Another interesting consequence stems from the observation that this algorithm, and many others, requires a random source (i.e., random number generation). However, a random source is not a feature in a pure UTM, and so it suggests the question of whether a UTM plus a random source is distinct from a UTM alone, and intuition suggests the answer is yes, but this is wrong. Specifically, it seems that a UTM plus a random source can solve problems a UTM alone cannot, which would be theoretically interesting, but is not true. Rather than use a random source, you can instead use a program that exhaustively and iteratively generates all possible values in a problem domain, and use this program to provide the otherwise random inputs to a Monte Carlo type algorithm, which proves equivalence, since every possibility generated by a random source will eventually be generated by the program, that by definition simply generates all possible values in order.

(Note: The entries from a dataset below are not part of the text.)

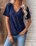 V-Neck Solid Color Casual Short-Sleeved T-Shirt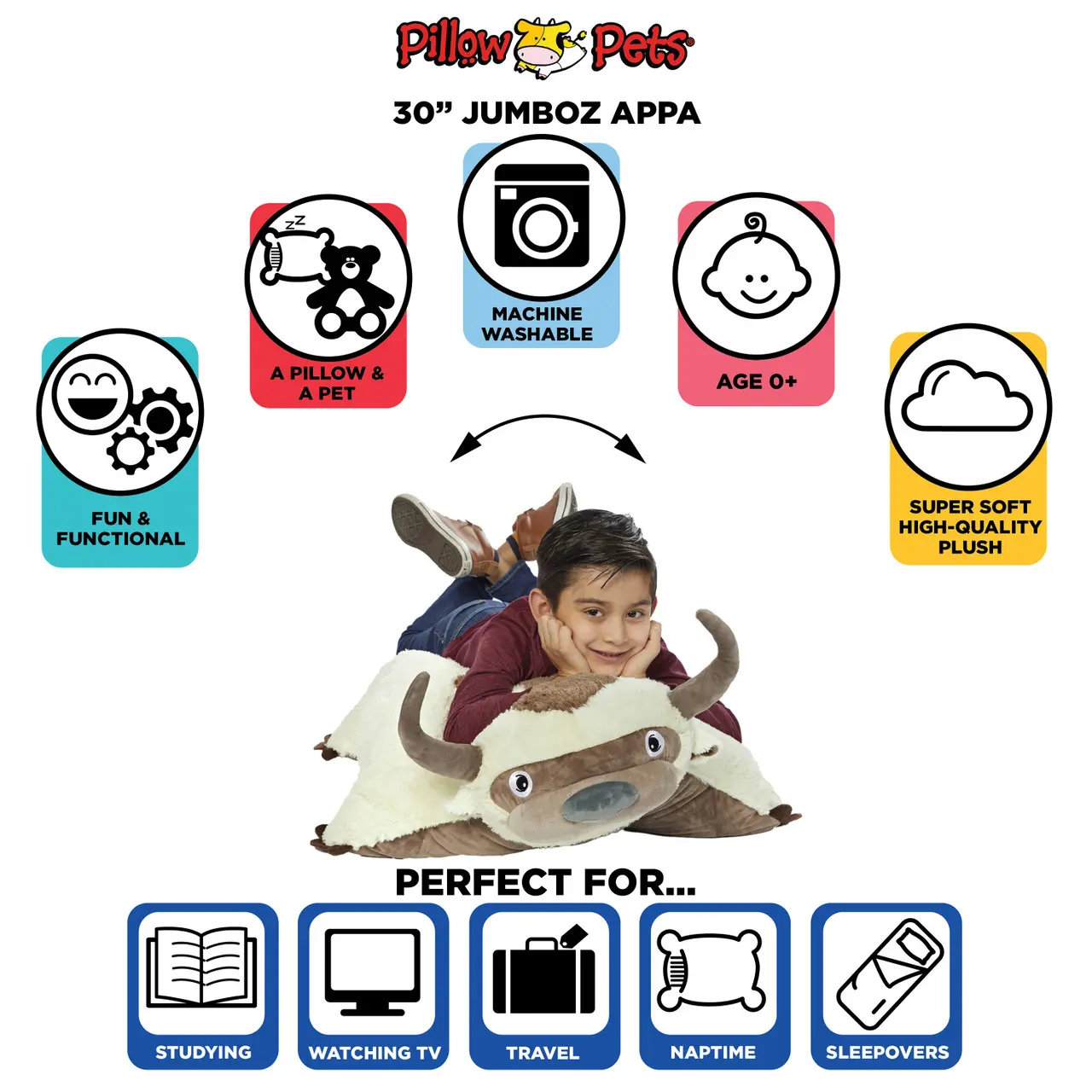Simply sweet, fluffy and fabulously soft, this HUGE Pillow Pet is perfect for playtime, anthe best cuddle buddy at bedtime. Surprise your little one with a Jumbo Appa Pillow Pet that they will love endlessly as a child, snuggle with as a teen, and end up taking to college. Pillow Pets bring joy, security, comfort and smiles to all ages. Super soft, parent approved, fun and functional, high quality plush designs that last through childhood and beyond.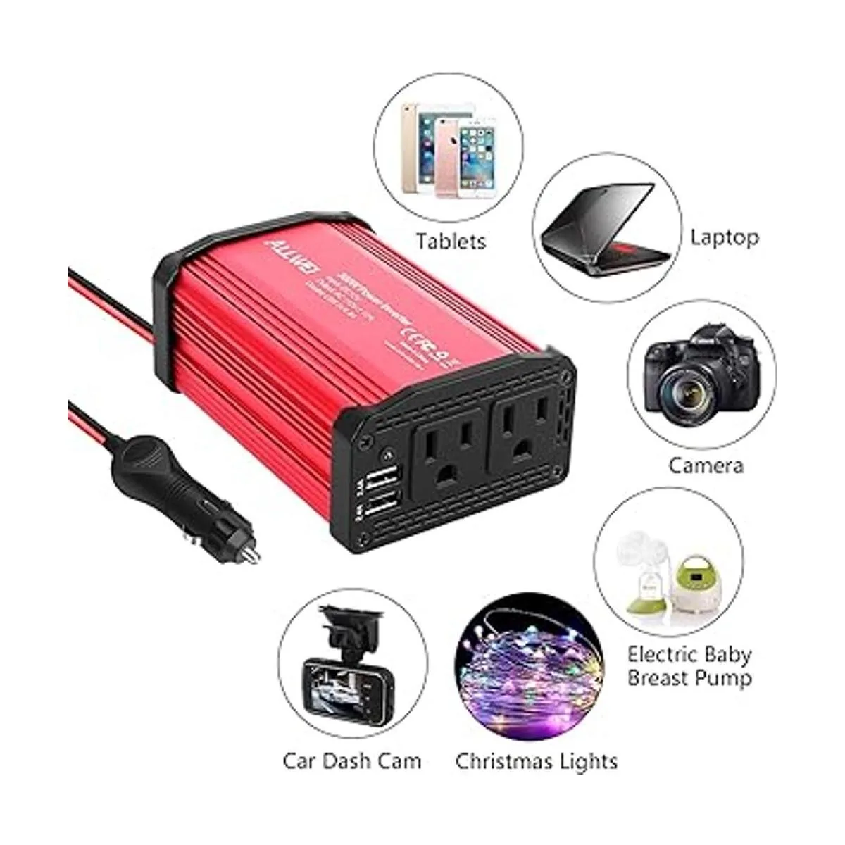 Inversor de potencia de 300 W de alta calidad: Proporciona 300 vatios de potencia continua de CC a CA y 600 vatios de potencia de pico. Ideal para cargar luces de cuerda, portátil, extractor de leche, máquina CPAP, nebulizador, consola de juegos, Kindle, TV, reproductores de DVD, luces, iPad y otros dispositivos electrónicos.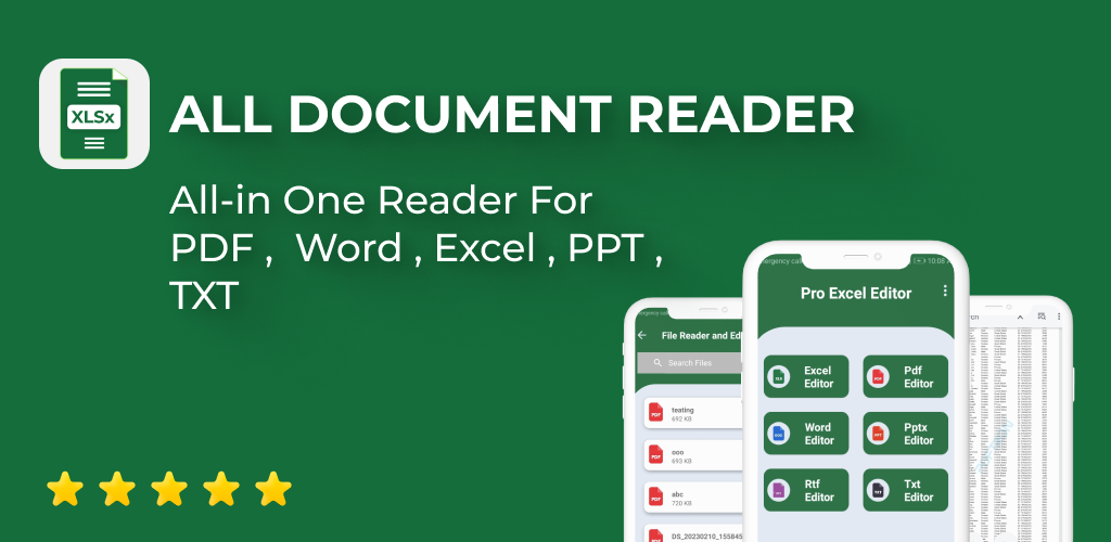 This tool quickly show you all word documents, pdf reader, excel reader, pptx and all documents reader with fast loading time of xlsx file viewer and xls viewer app.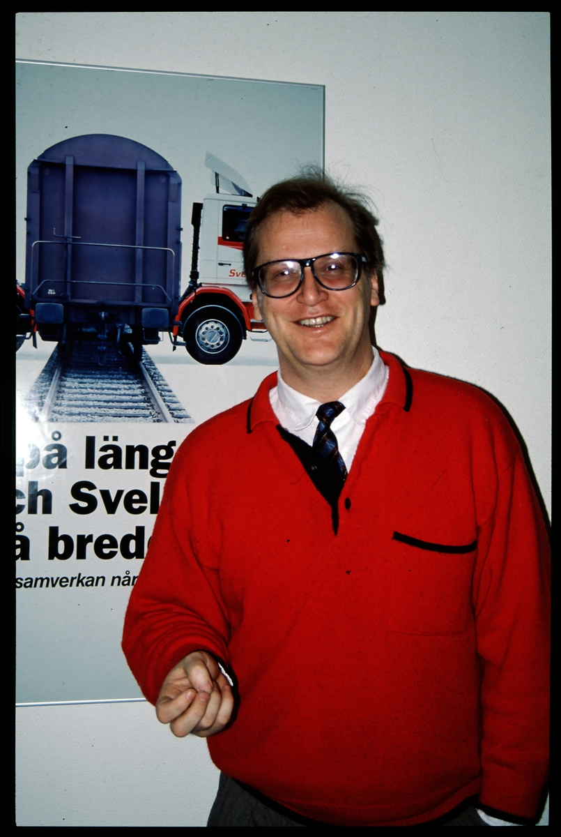 Man framför reklamaffisch för samarbetet mellan Statens Järnvägar och Svelast.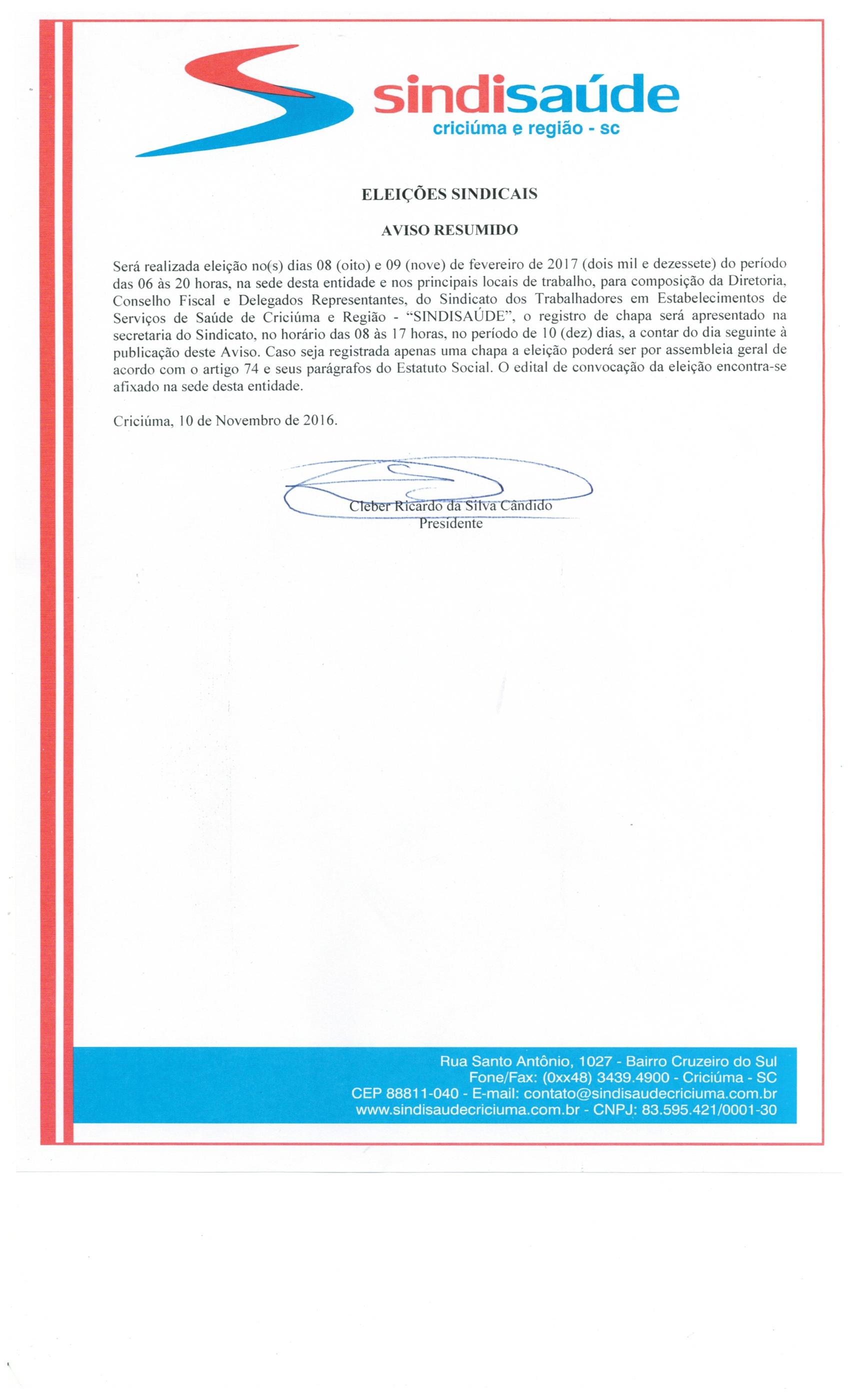 AVISO RESUMIDO ELEIÇÕES SINDICAIS DO SINDISAÚDE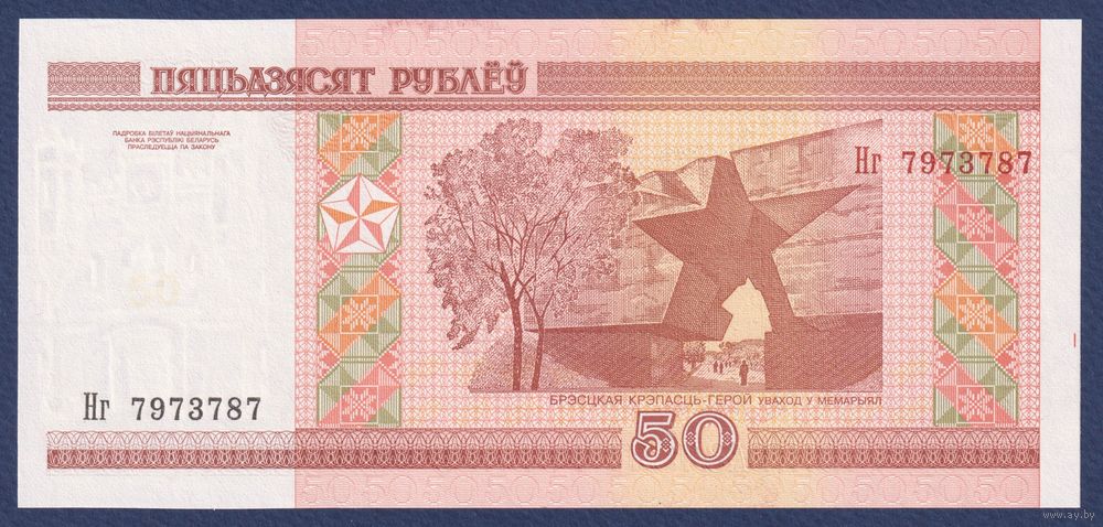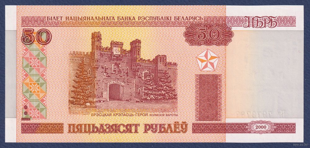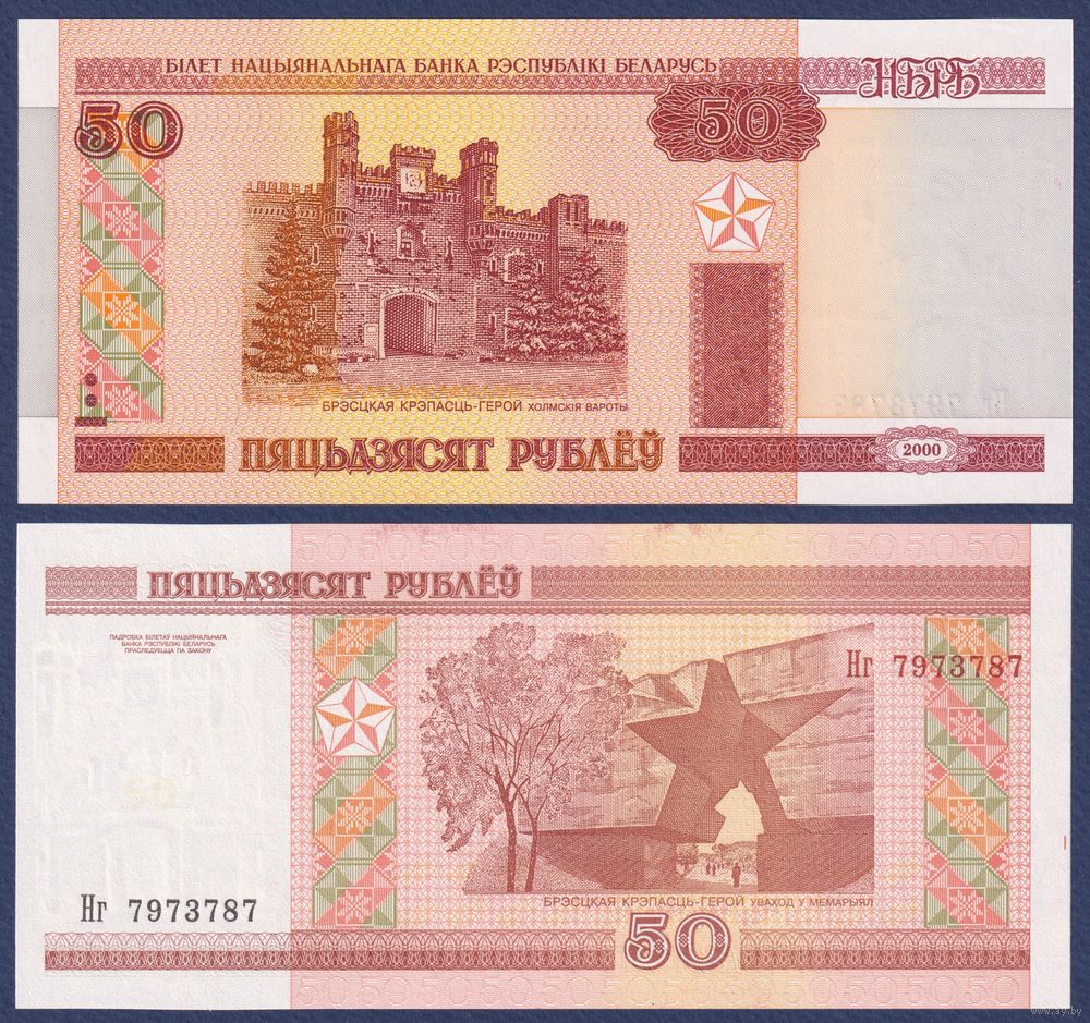 Беларусь, 50 рублей 2000 (2013) г., P-25b (серия Нг, пяцьдзЯсят), UNC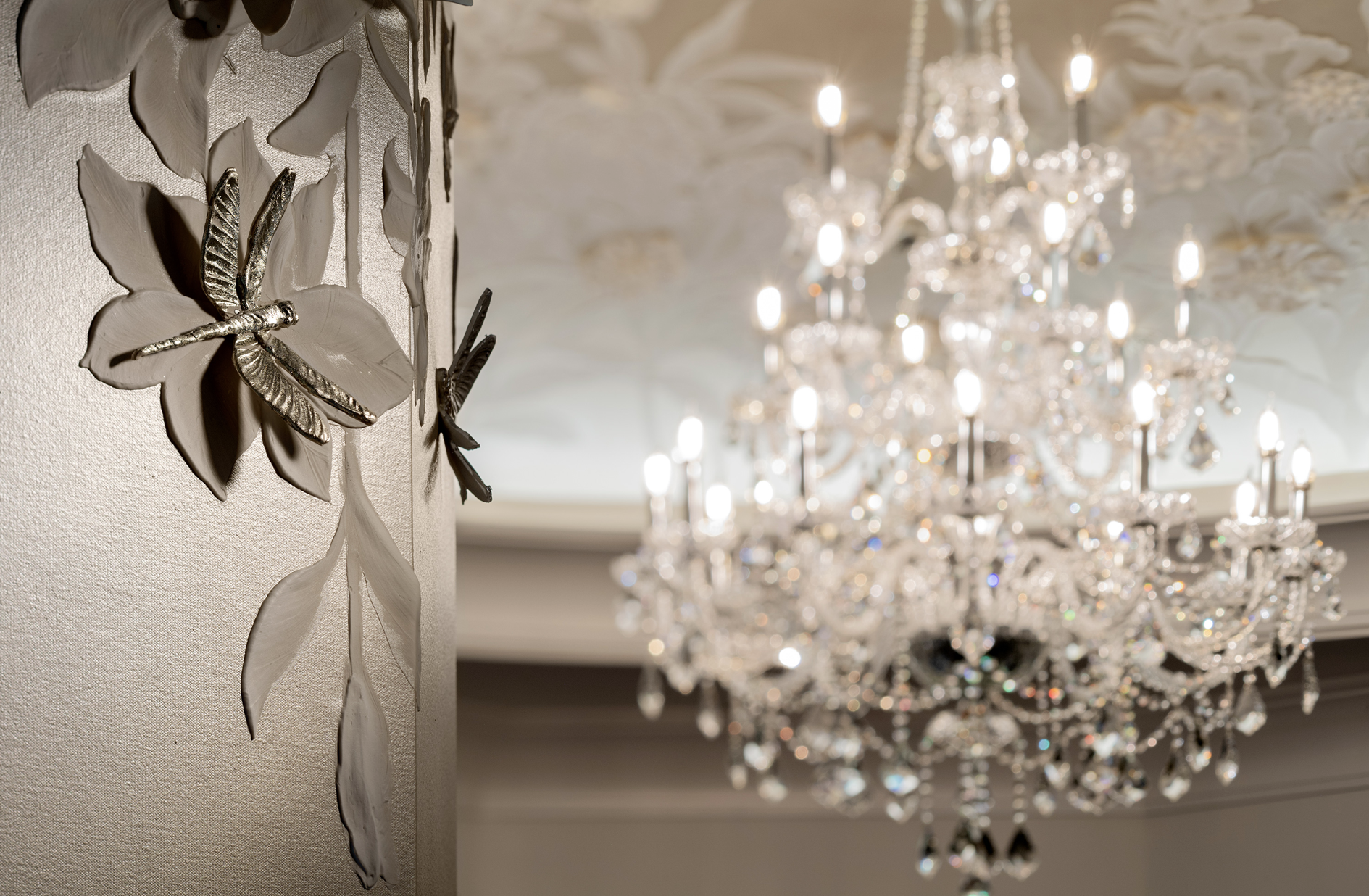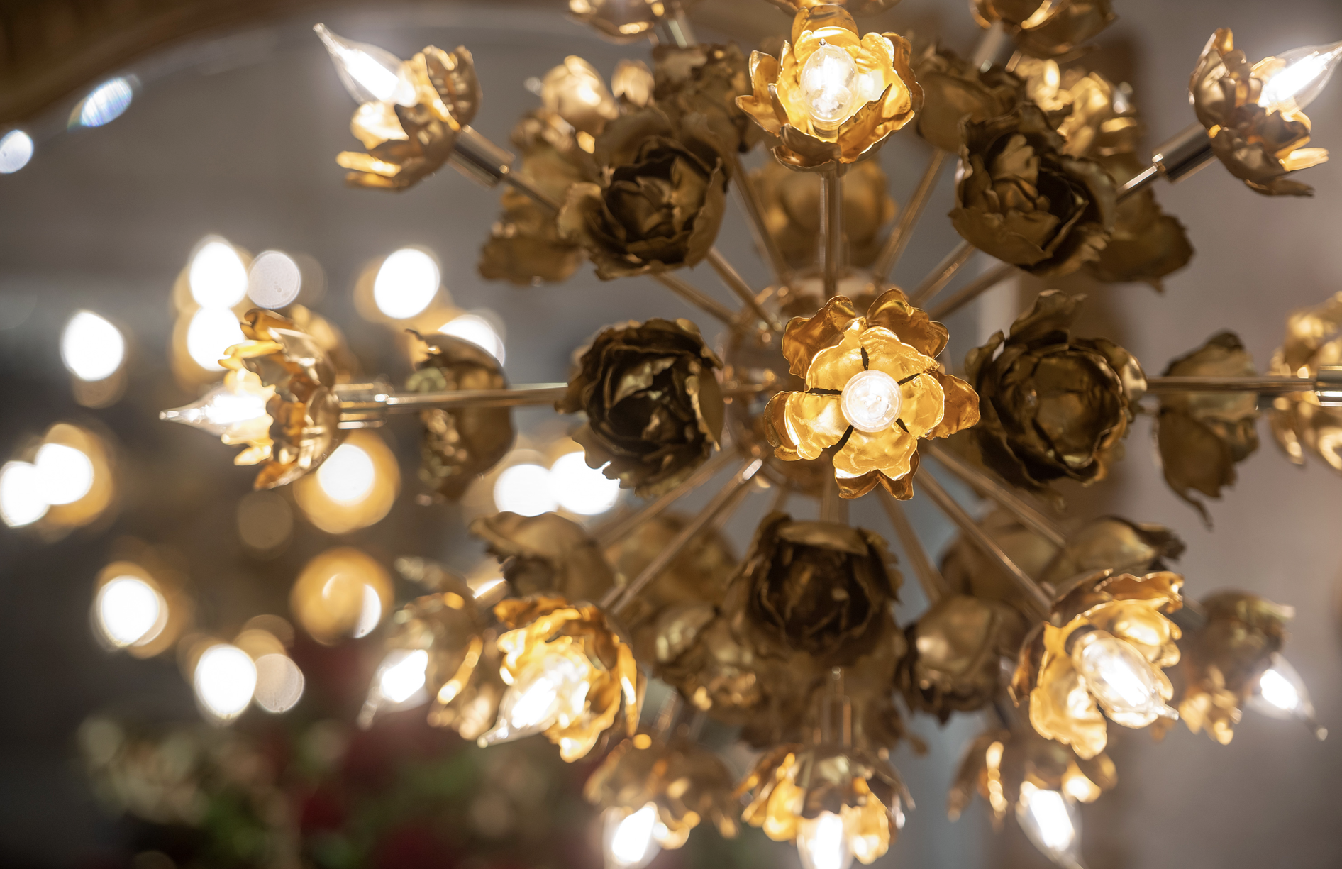 …and here’s what it looks like now! As you can see, there’s new carpet, tables, chairs, and details. You can also see the delicate scroll work around the room.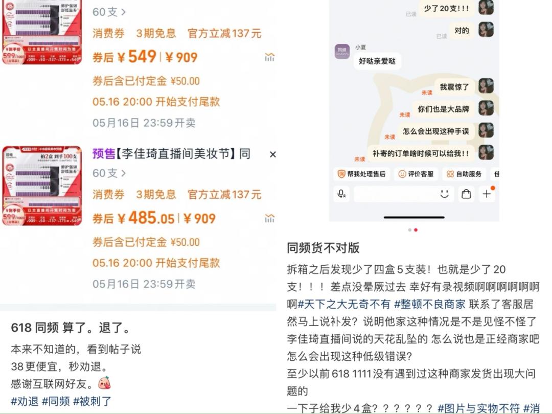 此外,还有消费者提到,自己在李佳琦直播间下单的同频产品“货不对版”,“拆箱之后发现少了四盒五支装,也就是少了20支……李佳琦直播间说得天花乱坠的,怎么会出现这种低级错误?”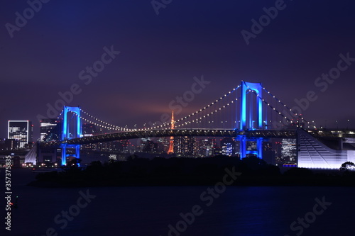 © kubocyannn, Obraz premium Blue rainbow bridge in Tokyo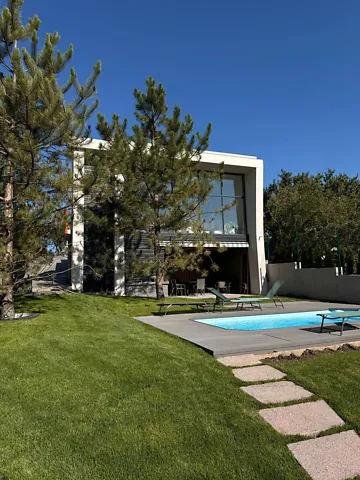 Современный дизайнерский дом с садом, баней, спуском к реке и уютной атмосферой, беседкой и роскошным зеленым пейзажем.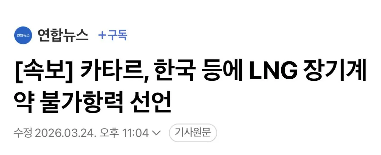 카타르 국영 에너지 기업인 카타르에너지가 한국을 포함한 주요 수입국에 대한 액화천연가스(LNG) 장기 공급 계약에 대해 '불가항력'(Force Majeure)을 선언했다.

I believe it was Gödel who made the statement, “S = S is false”, famous, through his work on the foundations of mathematics, but I’m not completely certain of its history. In any case, it is an interesting statement to consider, because it plainly demonstrates the limitations of logic, which are known elsewhere, e.g., in the case of Turing’s Halting Problem, which similarly demonstrates the limits of computation. You can resolve S by simply barring self-reference, and requiring ultimate reference to some physical system. This would connect logic and reality, and since reality cannot realistically be inconsistent, you shouldn’t have any paradoxical statements in such a system. The Halting Problem however does not have a resolution, it is instead a fundamental limit on computing using UTMs. I discovered something similar that relates to the Uniform Distribution in work my on uncertainty, specifically, this is in Footnote 4 of my paper, Information, Knowledge, and Uncertainty:

“Imagine … you’re told there is no distribution [for some source], in that the distribution is unstable, and changes over time. Even in this case, you have no reason to assume that one [outcome is more] likely than any other. You simply have additional information, that over time, recording the frequency with which each [outcome occurs] will not produce any stable distribution. As a result, ex ante, your expectation is that each [outcome] is equally likely, [since you have no basis to differentiate between outcomes], producing a uniform distribution, despite knowing that the actual observed distribution cannot be a uniform distribution, since you are told beforehand that there is no stable distribution at all.”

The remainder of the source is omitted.